I inherited it from my grandpa, so it wasn't driven hard at all, but he always used castrol 10w30, I'm wondering if that killed the pump prematurely?

I was told to try a different oil filter, like a wix, right now it has a microgaurd from oreilly's just so I can do a flush oil change and maybe it's just a cheap filter with no valve in it, or a crappy one anyway. 

If I have to do a pump what's a better one to run? melling or hitachi?


----------



## jshultz78 (Jul 1, 2018)

I just want to catch the issue before the chain eats away the plastic on the new guide. I DO NOT want to have to go back in there. This thing was a monster to change the chain and guides.


----------



## jshultz78 (Jul 1, 2018)

I had read something many moons ago that a smaller filter will increase oil pressure. It calls for the 1361 size wix, I'm wondering if I drop it to the 1394 size if it'll help too.


----------



## smj999smj (Jan 1, 2006)

Chain rattle has always been an issue with these engines and the weird thing is it occurs on some more than others. There are a couple of sources for kits (usually spacers or cups that modify the chain tensioner) to help prevent rattle on start-up and/or prevent the piston from traveling to far into the tensioner. Unfortunately, you would do this before you put the front cover back on. Here's a link to a YouTube vid that describes what I am talking about:


----------



## rogoman (Dec 16, 2004)

jshultz78 said:


> 1997 hb truck, 68k miles. All the plastic was gone off of the straight guide and the chain sounded like a handful of nickels in a coffee can when it was hot idle. Did a timing kit, new guides, tensioner, chain, etc..
> 
> All's good for about 100 miles. Hearing a rattle again. When I start the truck hot is when it does it the worst, blip the throttle and it'll go away and run fine. Could this be signs of a failing oil pump? or too thin of oil, running 5w30 and it's been about 95 degrees here. Should I bump it to 10w40?

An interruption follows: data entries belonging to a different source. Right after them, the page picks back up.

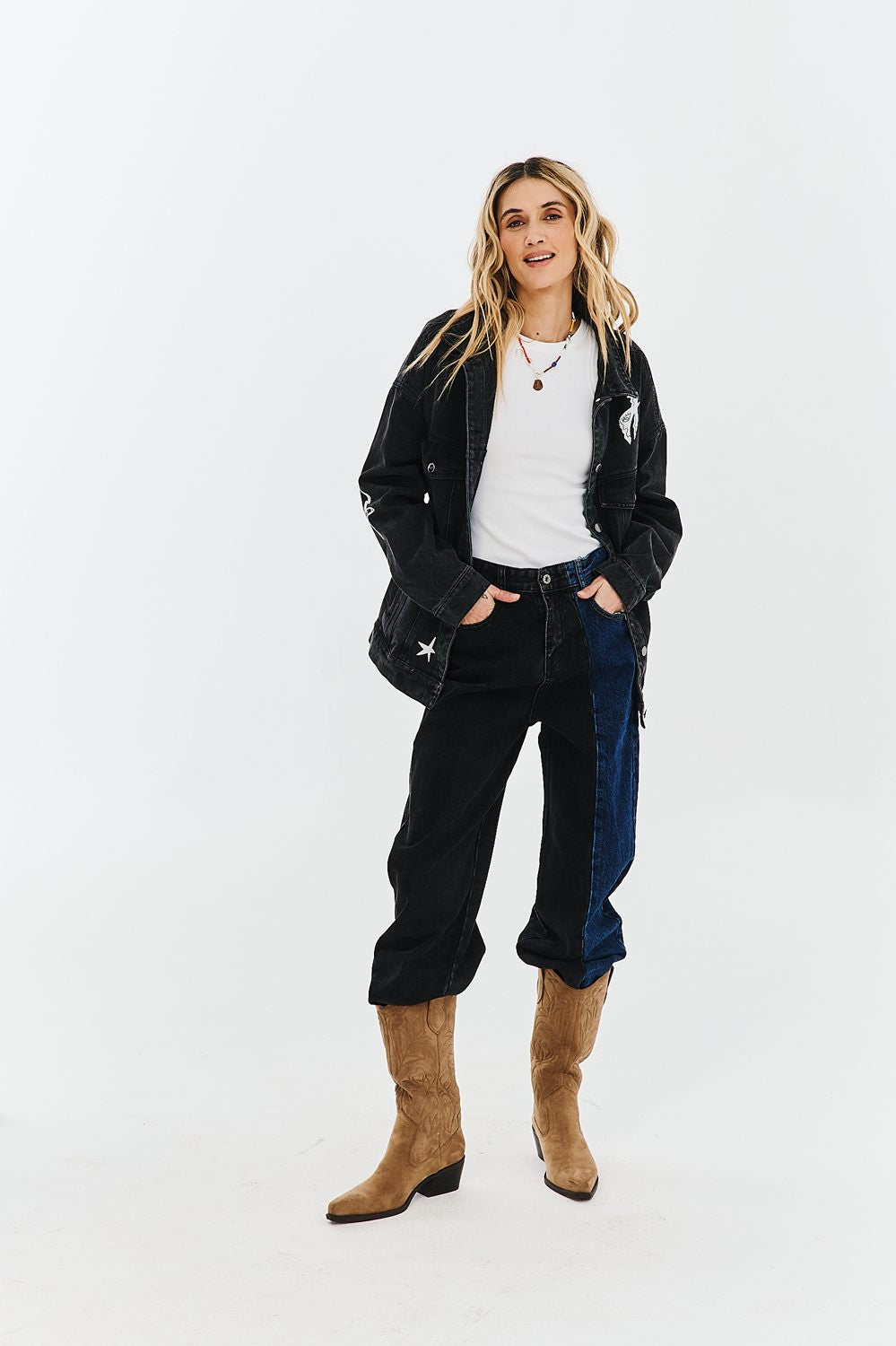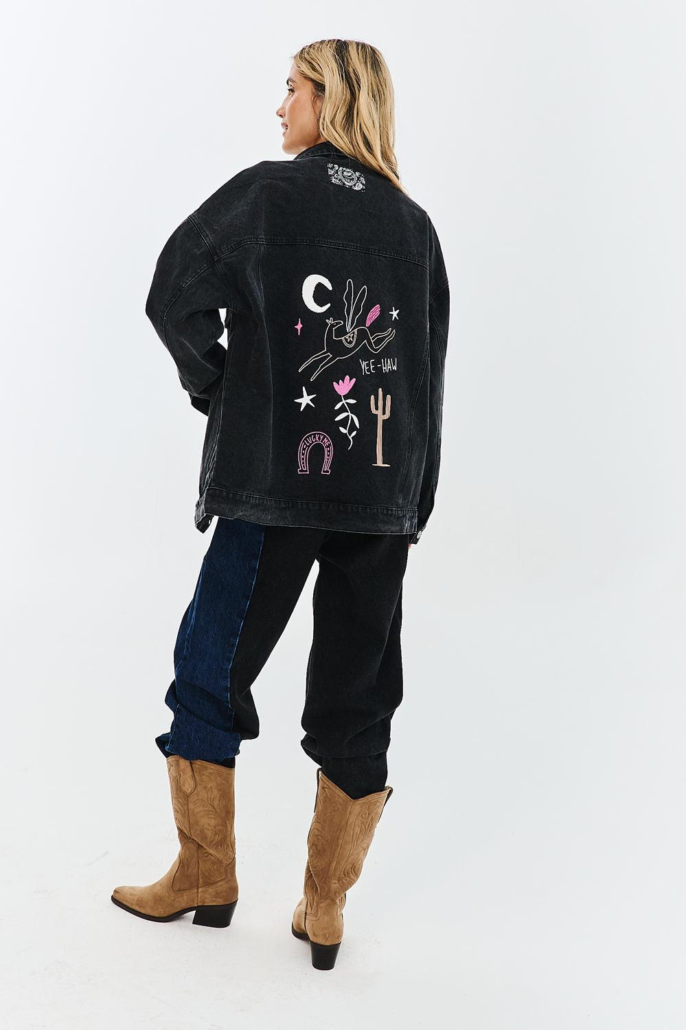 To nie jest zwykła katana. Yeehaw Dreams przyciąga wzrok detalami: od białych gwiazd i błyskawic na rękawach, po rozbudowaną, kolorową kompozycję na plecach z motywem księżyca, kaktusa i napisem „YEE-HAW”. Kurtka posiada praktyczne kieszenie piersiowe oraz metalowe guziki. Świetnie sprawdzi się w zestawieniu z jeansami typu patchwork, tworząc odważny total look, lub jako narzutka na zwiewną sukienkę w stylu boho.
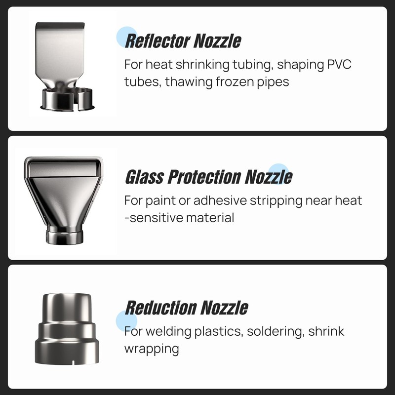 - ♛With 4 Nozzles: The heat gun comes with 4 nozzles, which is reflective nozzle, deflector nozzle, large concentration nozzle and small concentration nozzle.
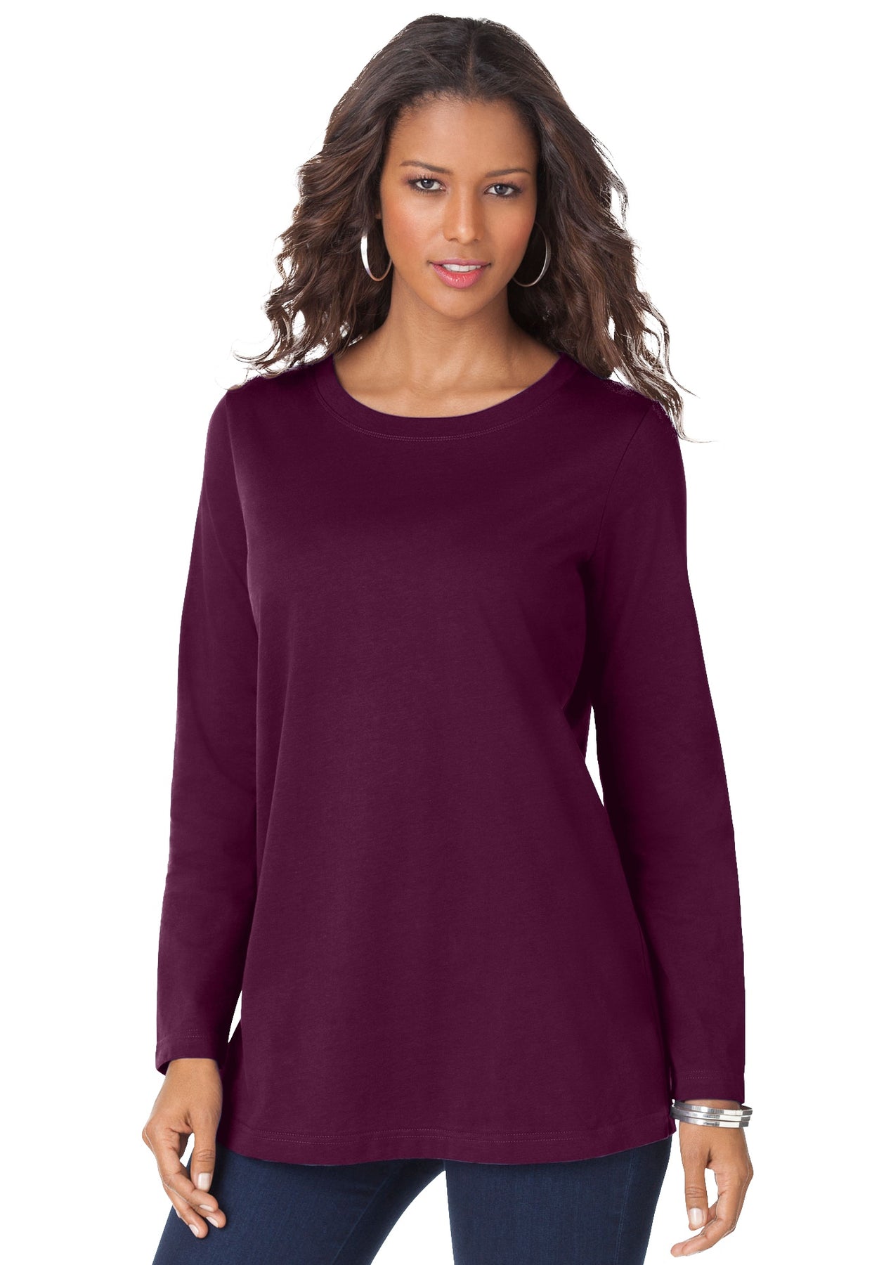 Plus Size Cotton Ultimate Long Sleeve Crewneck Tee | Roaman&

The oil pressure is most likely very low causing the chain rattle condition. You can check the pressure very easily by installing a temporary mechanical oil pressure gauge. You would remove the oil sensor which is located next to the oil filter and install the mechanical oil pressure gauge in it's place; you may need to get an 1/8 BSPT to 1/8 NPT adapter to hook up the gauge.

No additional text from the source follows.